Performance Considerations
Understanding when to use each method depends on your specific situation:
Time Complexity:
loc[]for single row: O(1) amortized, but may trigger copypd.concat()for two DataFrames: O(n + m) where n and m are row counts- Repeated
concat()in loop: O(n²) total—avoid this - List accumulation then DataFrame: O(n) total
Memory Implications:
Every pd.concat() call creates a new DataFrame. The original DataFrames remain in memory until garbage collected. For large DataFrames, this can temporarily double your memory usage:
# Memory-conscious concatenation for very large DataFrames
import pandas as pd
df1 = pd.DataFrame({'a': range(1000000)})
df2 = pd.DataFrame({'a': range(1000000, 2000000)})
# This temporarily holds both originals plus the result
result = pd.concat([df1, df2], ignore_index=True)
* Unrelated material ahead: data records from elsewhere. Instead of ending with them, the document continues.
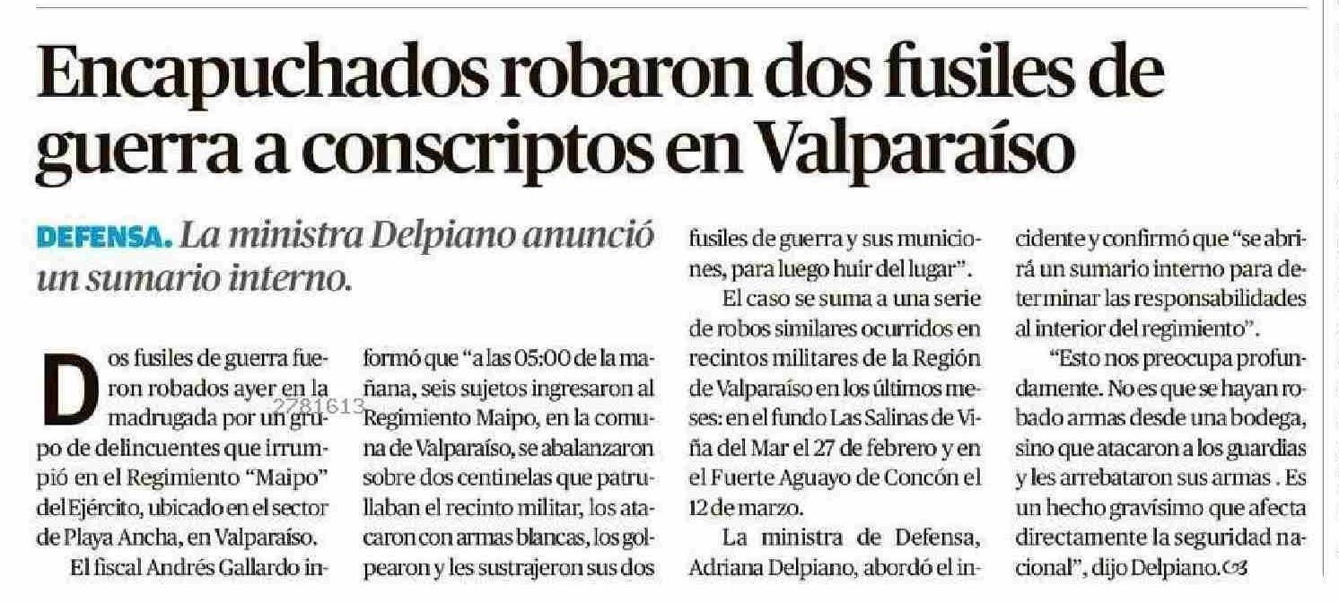 | Título: | Encapuchados robaron dos fusiles de guerra a conscriptos en Valparaíso |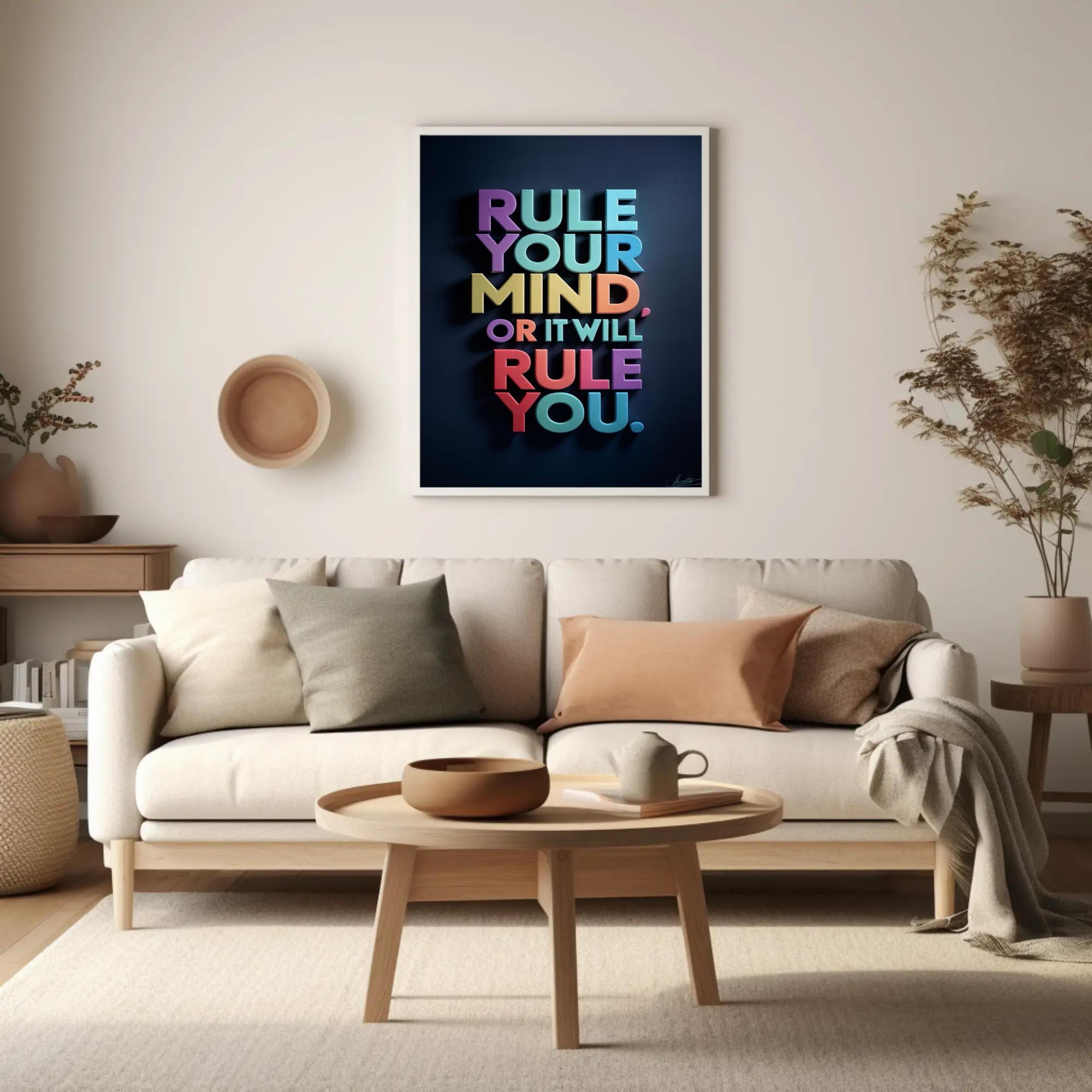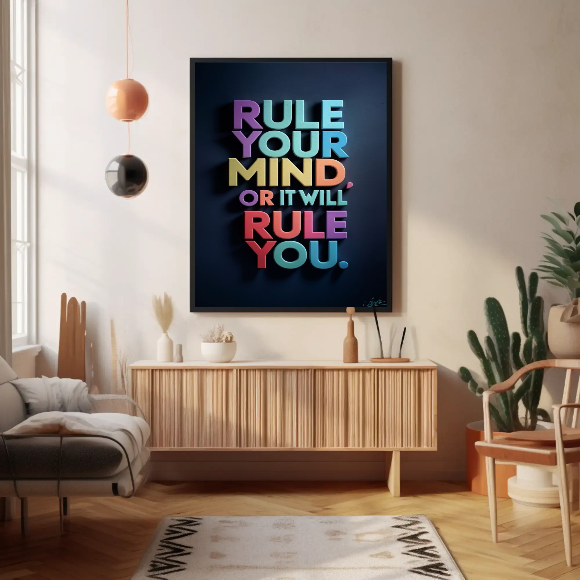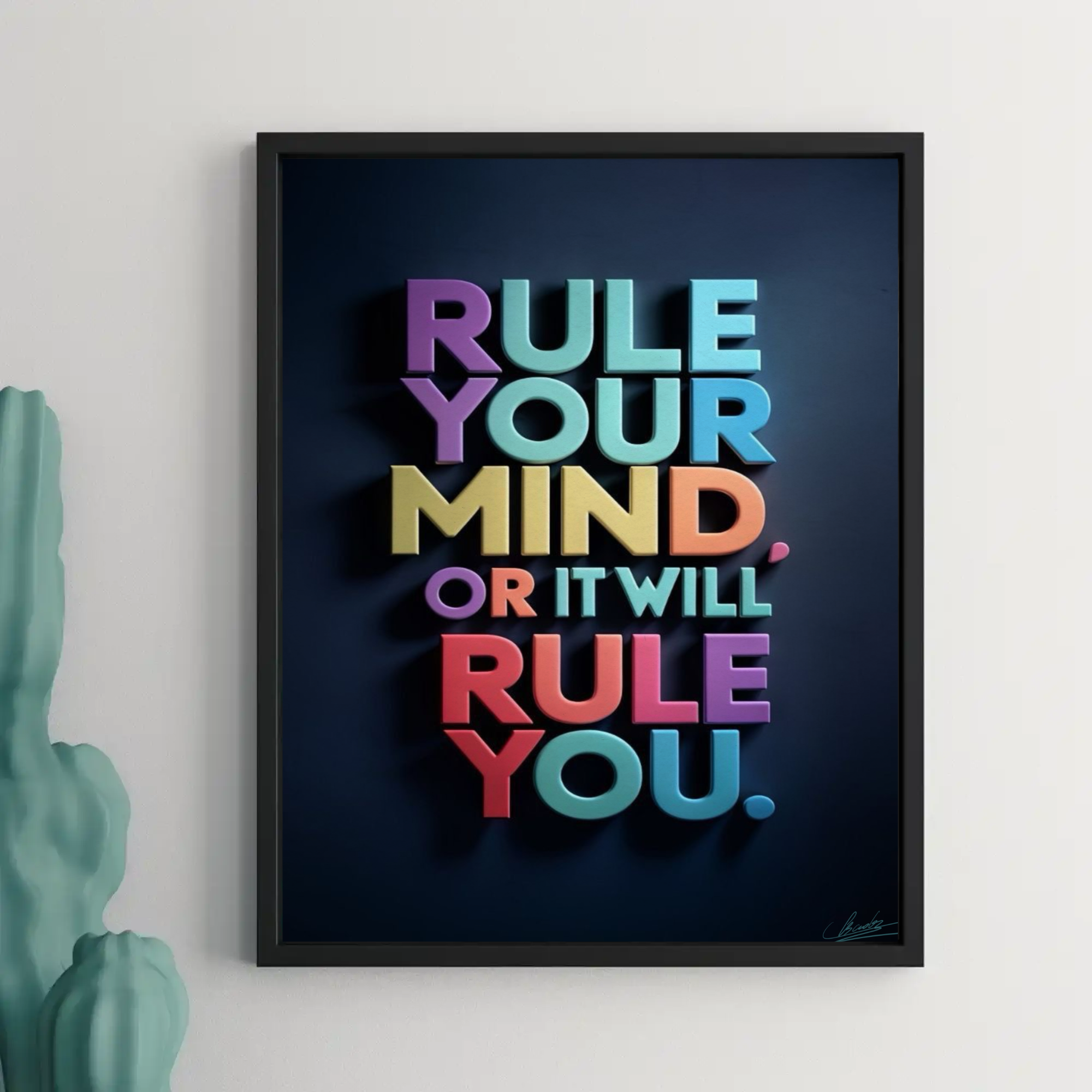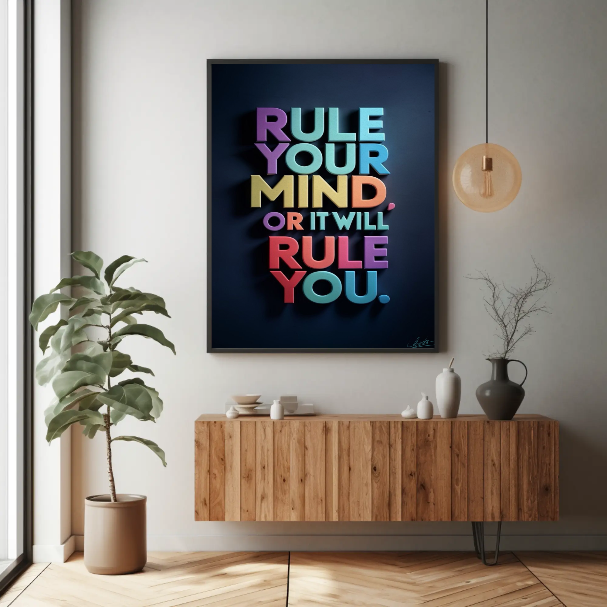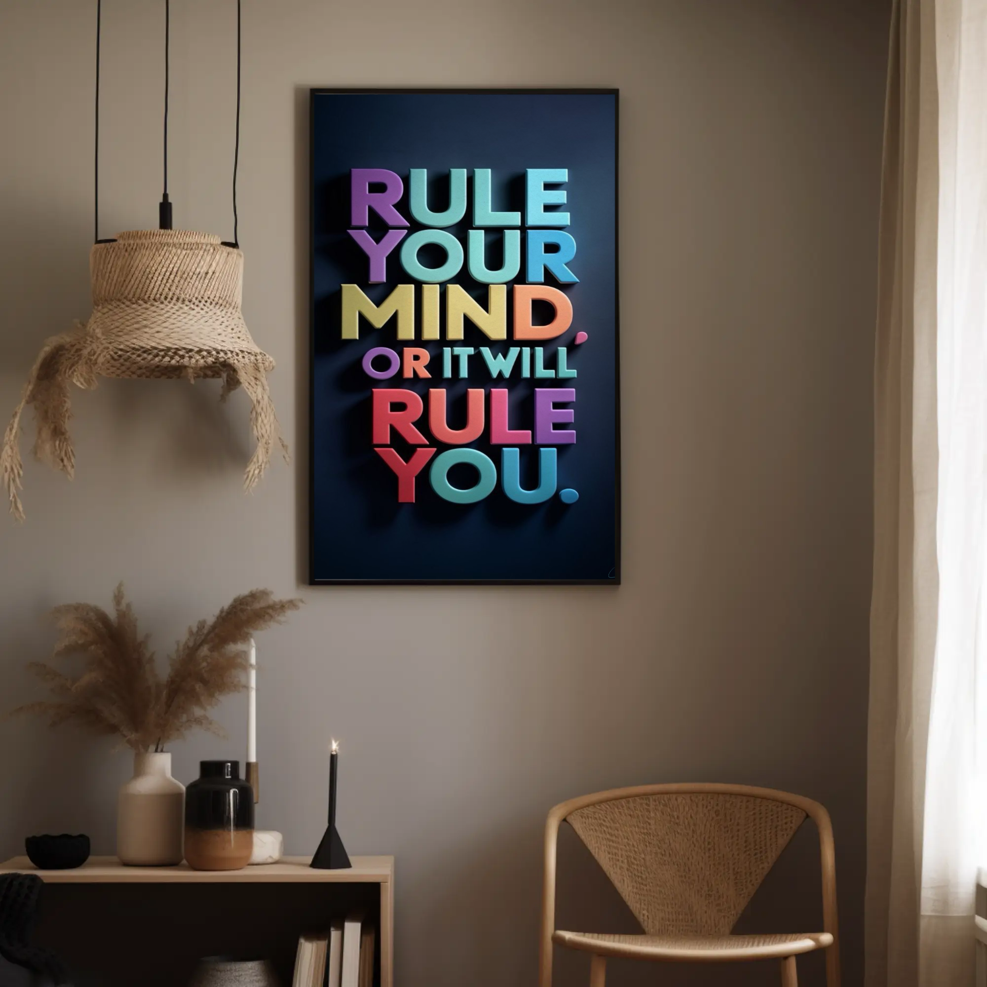 Your mind is a powerful tool—when you rule it, you can achieve anything. “Rule Your Mind” is more than just a piece of art; it’s a call to action. Featuring strong typography and a minimalist design, this artwork serves as a daily affirmation to encourage mental discipline and focus.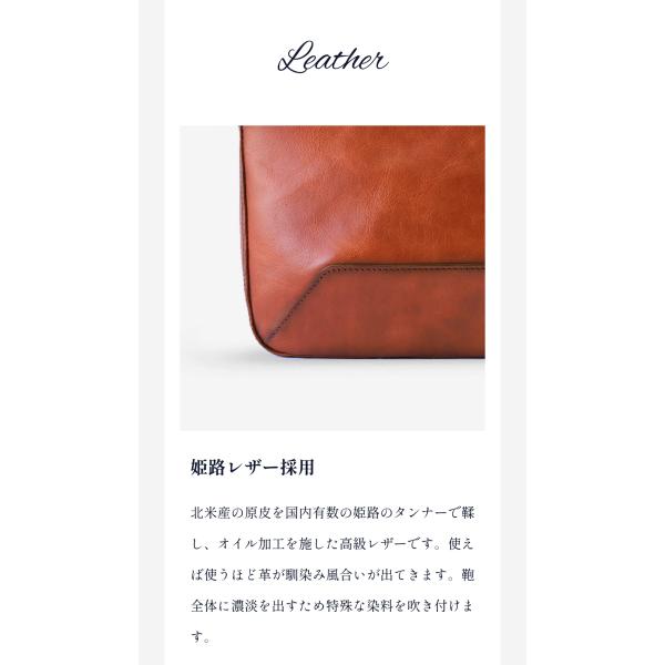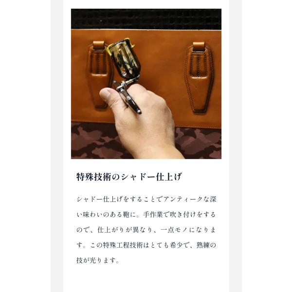 国内に数名のみ保有する鞄技術認定1級の職人が手がける鞄。北米産の良質な原皮を国内有数の姫路のタンナーで鞣し、オイル加工を施した味わいのあるレザー。ステッチ部分には手作業でシャドウ加工を施し陰影をつけ、濃淡を演出し他に2つとして同じモノがない特別な商品となっております。
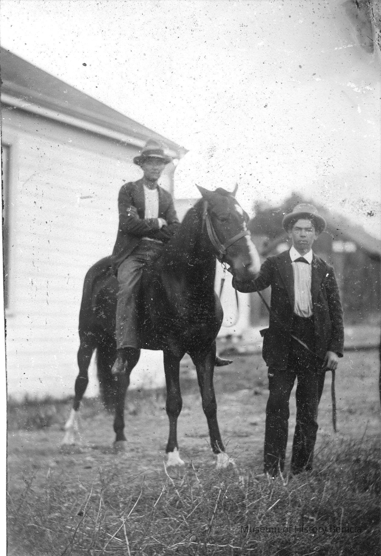 Two men with one on a horse.
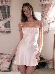 LANQI's exquisite thin shoulder strap with A-line satin sleeveless bow tie back Homecoming Dresses. This short skirt is sweet and exquisite. The suspender design exposes the charming shoulders and neck, while the bow decoration on the chest adds a sweet touch. The backless strap design shows off its small sexiness, and the satin material texture is high-end. Whether it's a party, a date, or an important occasion, it can easily make you the center of attention and unleash your sweet and exquisite unique charm.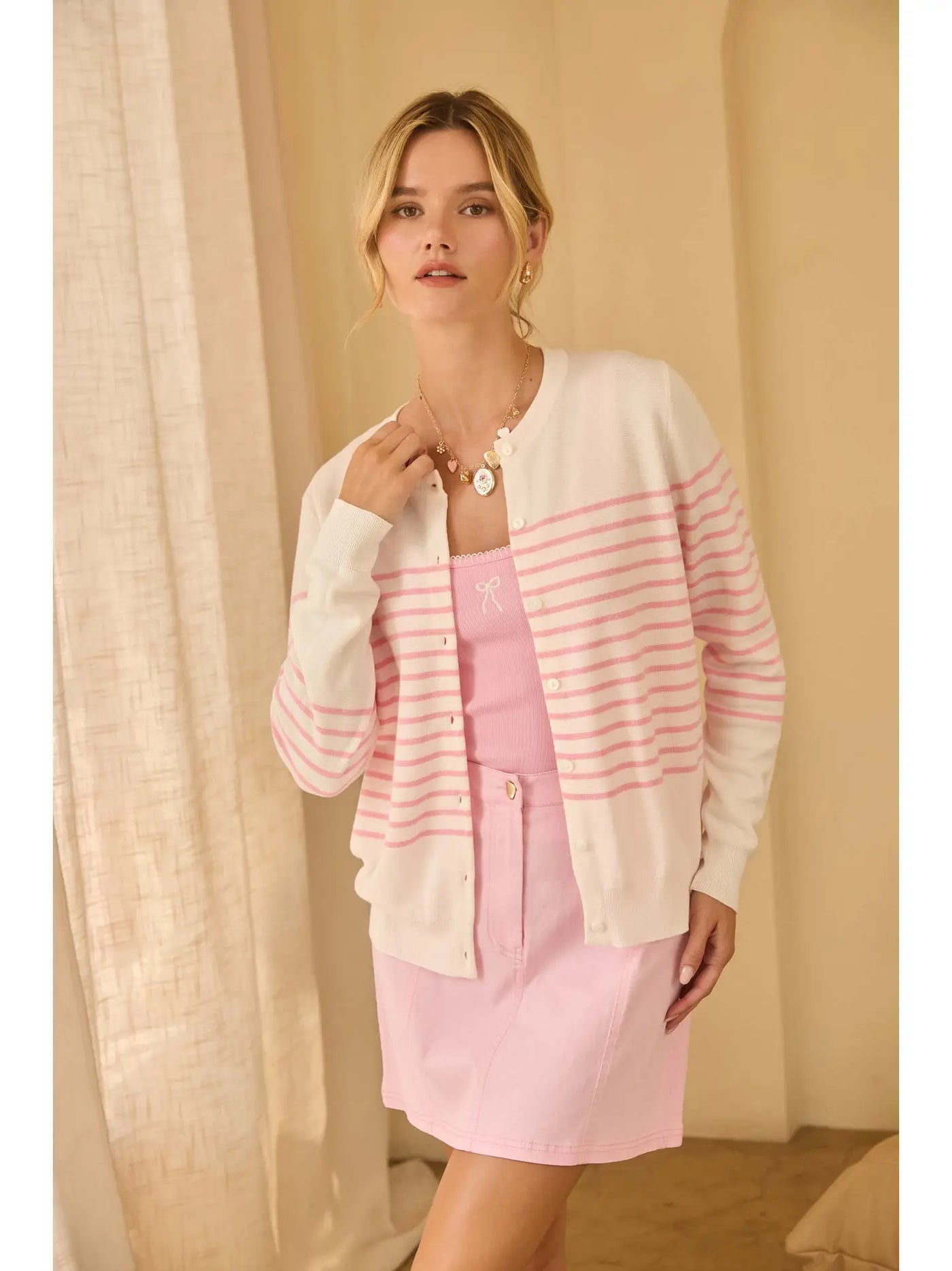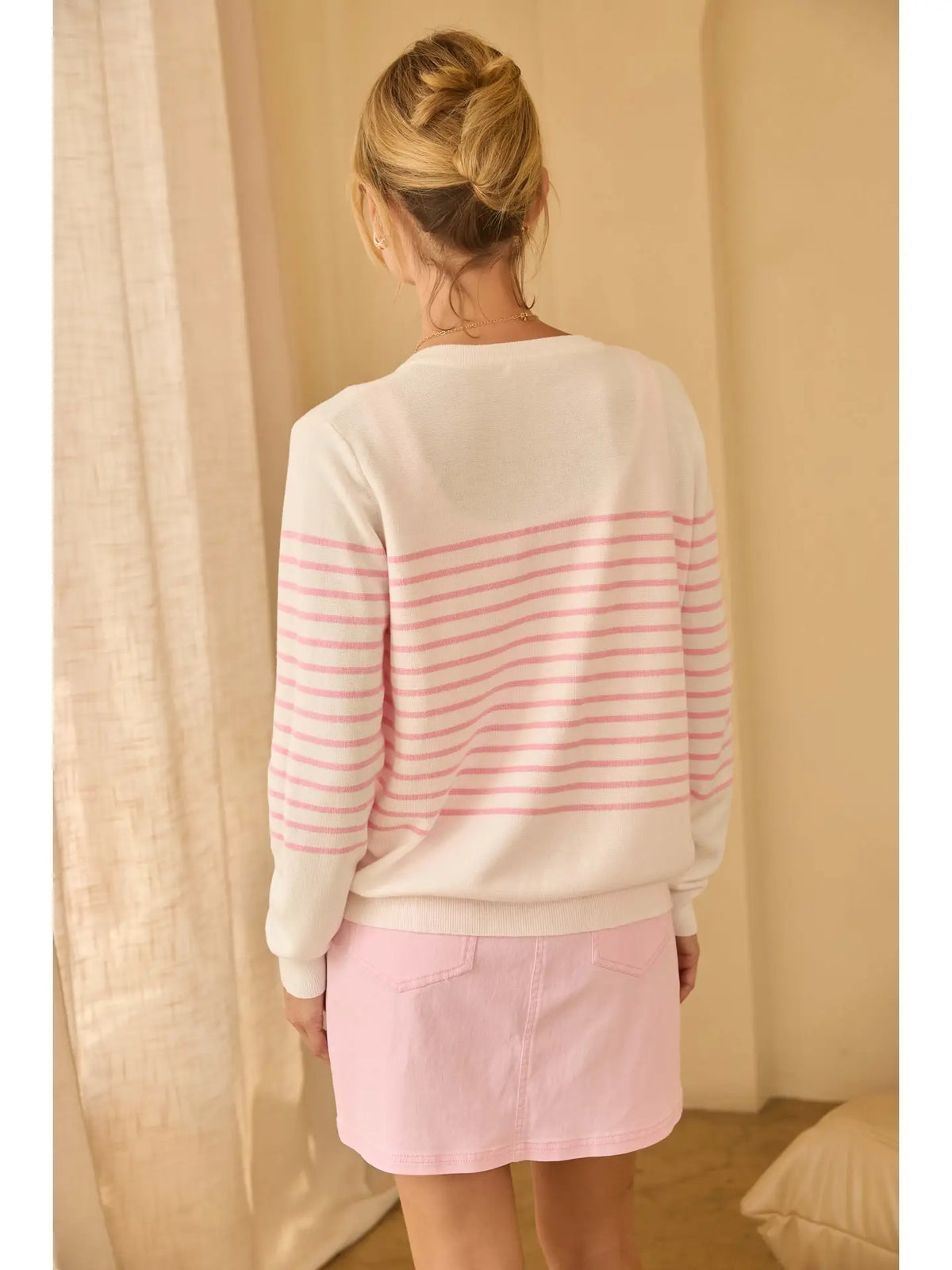 Classic comfort meets casual style in this striped button-down cardigan. Crafted with a soft knit, it features timeless stripes and a flattering button-front design for effortless layering. Perfect over a tee or dress, it adds a cozy yet polished touch to any outfit.
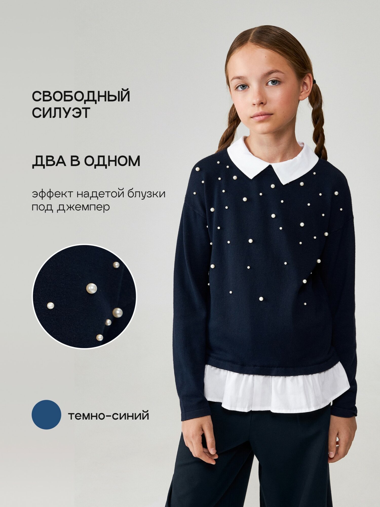 Джемпер ACOOLA Nicolet темно-синий для девочек 158 размер интересное:

# Explicitly delete originals if memory is tight
del df1, df2
When to Use Each Approach:
| Scenario | Recommended Method |
|---|---|
| Adding one row to small DataFrame | df.loc[len(df)] = row |
| Adding one row to large DataFrame | pd.concat() with ignore_index=True |
| Combining multiple existing DataFrames | pd.concat([df1, df2, df3]) |
| Building DataFrame in a loop | List accumulation, then pd.DataFrame(rows) |
| Streaming data (continuous additions) | Batch rows, periodic concat() |
Summary
The deprecation of DataFrame.append() pushed the Pandas community toward more explicit and performant patterns. Here’s your quick reference:
| Method | Best For | Watch Out For |
|---|---|---|
pd.concat([df, new_df]) |
General-purpose row addition | Memory usage with large DataFrames |
df.loc[index] = row |
Single rows with known index | Non-sequential indices |
| List accumulation | Building DataFrames in loops | Remember to convert at the end |
For most day-to-day work, pd.concat() with ignore_index=True is your default choice. It’s explicit, flexible, and handles edge cases well.
The single most important takeaway: never append inside a loop. Collect your data in a list, then create or concatenate once. This simple change can turn a script that takes minutes into one that completes in seconds.